J- YEREL YÖNETİM- MERKEZİ YÖNETİM İLİŞKİSİ: Anayasanın Mahalli İdareler hakkındaki (127. Madde) düzenlemelerin değiştirilerek Yerel yönetimlerin yetkilerini “bölgesel özerk yönetim” boyutuna getirecek şekilde artıran değişikliklerden kaçınılmalıdır. Merkezi idarenin ülkede idari birliği sağlayacak denetim ve gözetim yetkisi olmalıdır.

K- “ÖDEVE BAĞLI HAK” ANLAYIŞI TERK EDİLMELİDİR: Anayasada temel hak ve hürriyetler konusunda “ödev” boyutunun yer almaması gerekir. 1982 Anayasasında ödeve bağlı bir hak anlayışı mevcuttur. Kişinin ailesine ve topluma karşı ödevleri olabilir. Ancak ödevler çerçevesinde gerçekleştirilecek bir hak anlayışı doğal hukuka dayanan temel hak ve hürriyetler anlayışı ile bağdaşmaz. Bunun yerine, herkesin hak ve özgürlüklerini kullanırken başkalarının haklarına saygı gösterme yükümlülüğü bulunduğu ifade edilmelidir. Bu anlayış ferdin sosyal nitelikleri ile de örtüşmektedir.

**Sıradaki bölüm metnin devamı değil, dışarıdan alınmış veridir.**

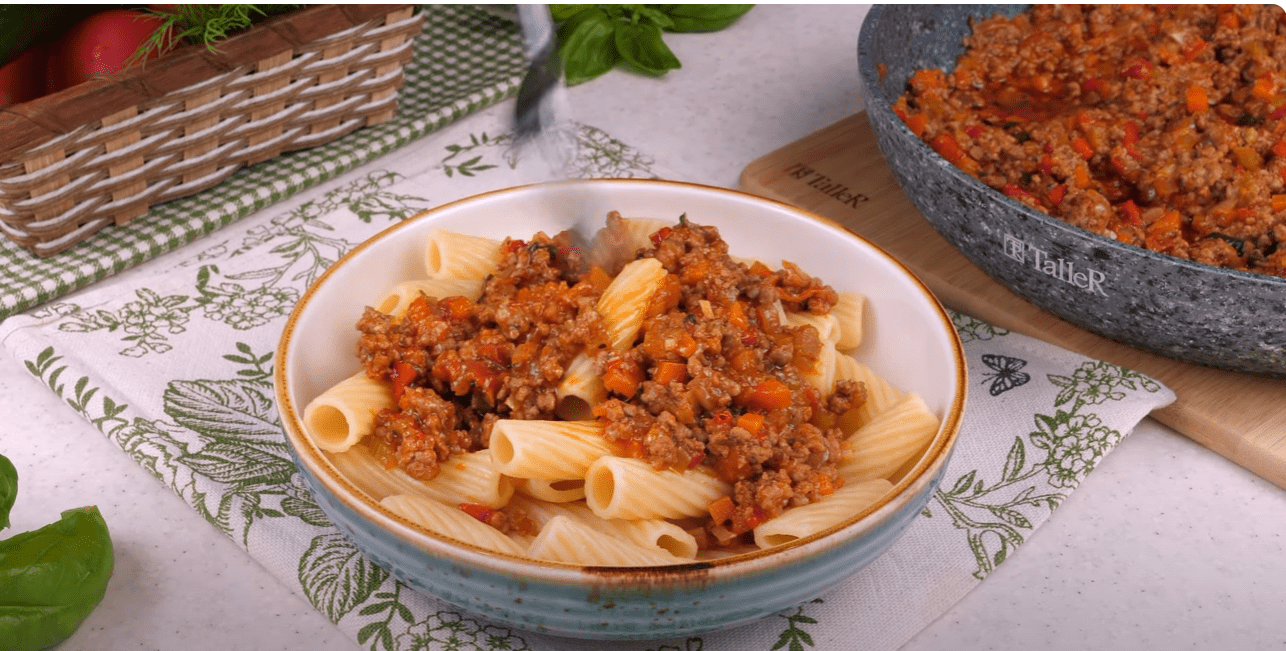 Італійці славляться своєю кухнею. Особливо пастою з традиційним соусом Болоньєзе, які подають зі спагеті. Поєднання вареного тіста з м’ясом – це неймовірно вдала знахідка, яку почали застосовувати італійці сотні років тому. То чому б не поекспериментувати? – подумали українські господині та запропонували свій рецепт. Вони замінили всього один інгредієнт і вийшло дуже смачно.

Temel hak ve hürriyetlerin sınırlandırılması konusunda Anayasada genel sınırlama nedenlerine yer verilmemeli, hak ve hürriyetler sadece ilgili maddede öngörülen özel sebeplerle sınırlandırılabilmelidir. Özel sınırlama nedenleri belirlenirken evrensel düzenlemeler dikkate alınmalıdır.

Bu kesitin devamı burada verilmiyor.